+++ Dataset extract +++

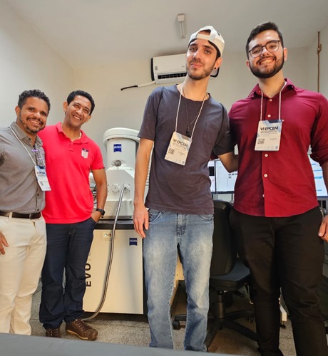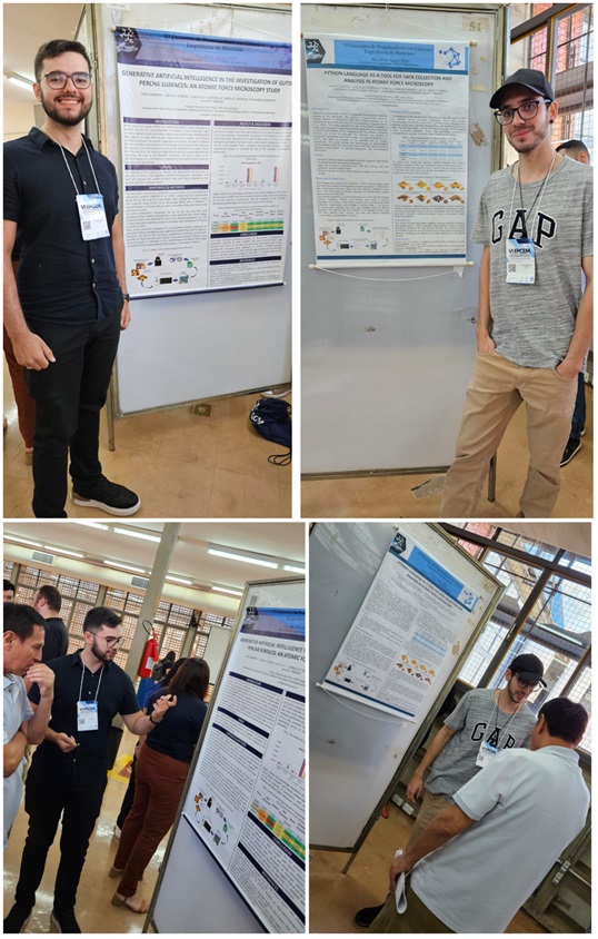 Entre os dias 28 a 30 de agosto de 2025, o Prof. Dr. Allan Victor Ribeiro, docente do curso de Licenciatura em Física do IFSP Campus Birigui e os alunos Lucas H. Contel (Engenharia da Computação) e Erik Zampieri (Licenciatura em Física) participaram do VI Encontro de Pesquisadores em Ciência e Engenharia de Materiais (VI EPCEM) foi realizado na Faculdade de Engenharia de Ilha Solteira. No evento foram apresentados trabalhos de pesquisa desenvolvidos pelos estudantes sob orientação do Prof. Dr. Allan Victor Ribeiro. Os trabalhos são fruto da colaboração científica entre o IFSP Campus Birigui com universidades nacionais e internacionais de excelência, tais como, a Faculdade de Odontologia de Bauru, Universidade de São Paulo (USP) e o Departamento Académico de Física Del Estado Sólido na Universidad Nacional Mayor de San Marcos (UNMSM). Lima, Peru.
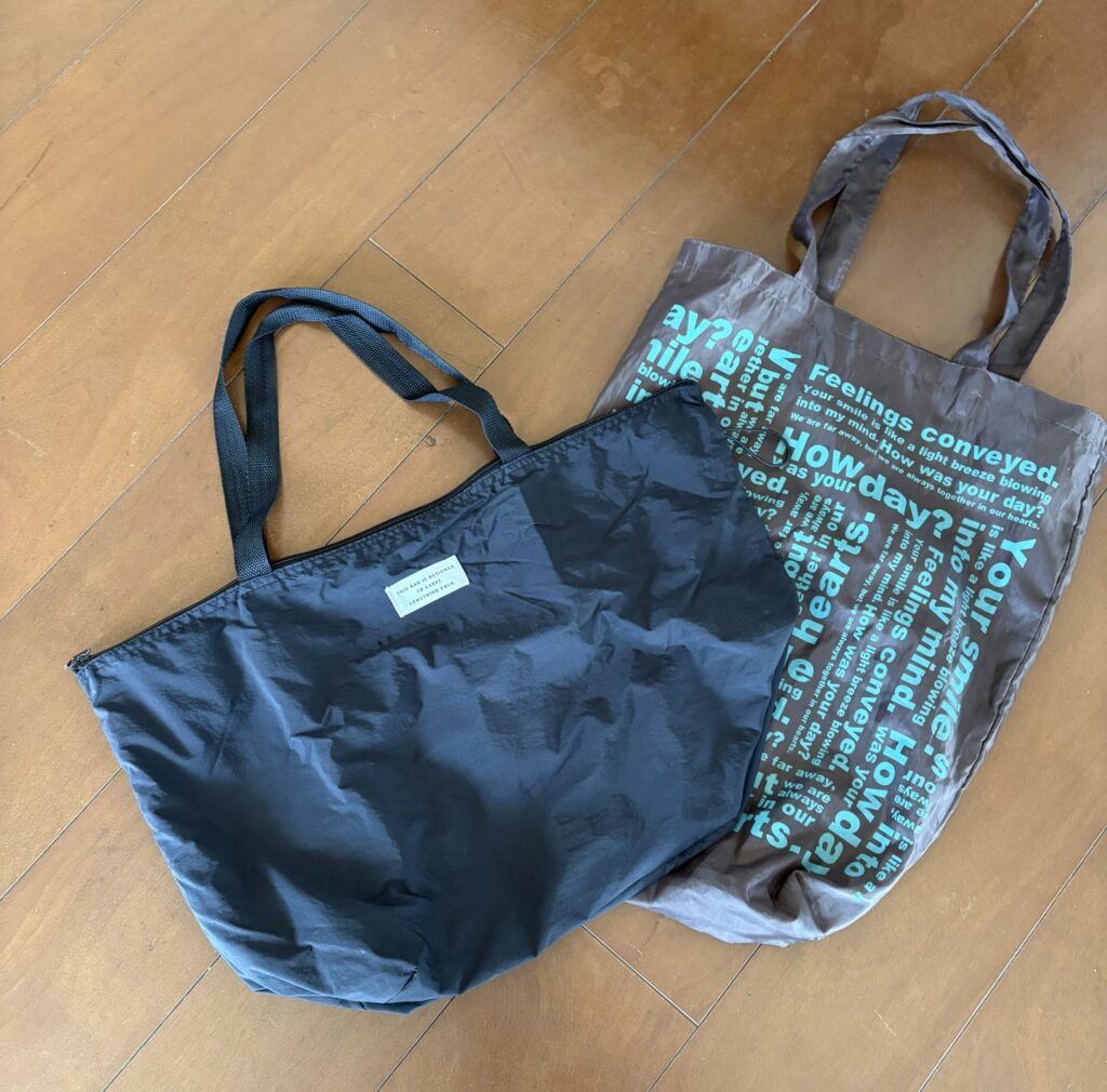 100円ショップのバッグはお土産などたくさん入りますが、スリコで500円くらいで買えるチャック付きのバッグは、1日観光などで荷物がかさばるときに重宝します。軽いし、上着なども丸めて入るサイズです。
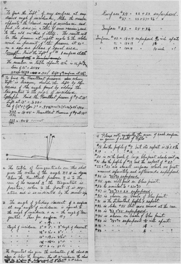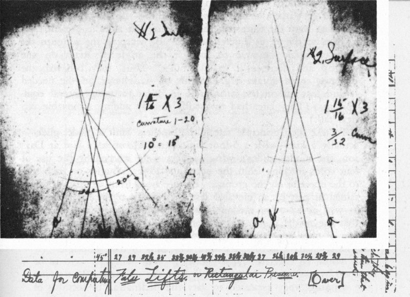 Data and calculations on pressures on an airfoil to achieve equilibrium in an airplane as worked out by the Wright Brothers in experiments in 1899.

+++

Your instructions> Repeat the material above in full and exactly, apart from the pictures.

Solved problem>
 Entre os dias 28 a 30 de agosto de 2025, o Prof. Dr. Allan Victor Ribeiro, docente do curso de Licenciatura em Física do IFSP Campus Birigui e os alunos Lucas H. Contel (Engenharia da Computação) e Erik Zampieri (Licenciatura em Física) participaram do VI Encontro de Pesquisadores em Ciência e Engenharia de Materiais (VI EPCEM) foi realizado na Faculdade de Engenharia de Ilha Solteira. No evento foram apresentados trabalhos de pesquisa desenvolvidos pelos estudantes sob orientação do Prof. Dr. Allan Victor Ribeiro. Os trabalhos são fruto da colaboração científica entre o IFSP Campus Birigui com universidades nacionais e internacionais de excelência, tais como, a Faculdade de Odontologia de Bauru, Universidade de São Paulo (USP) e o Departamento Académico de Física Del Estado Sólido na Universidad Nacional Mayor de San Marcos (UNMSM). Lima, Peru.
 100円ショップのバッグはお土産などたくさん入りますが、スリコで500円くらいで買えるチャック付きのバッグは、1日観光などで荷物がかさばるときに重宝します。軽いし、上着なども丸めて入るサイズです。
 Data and calculations on pressures on an airfoil to achieve equilibrium in an airplane as worked out by the Wright Brothers in experiments in 1899.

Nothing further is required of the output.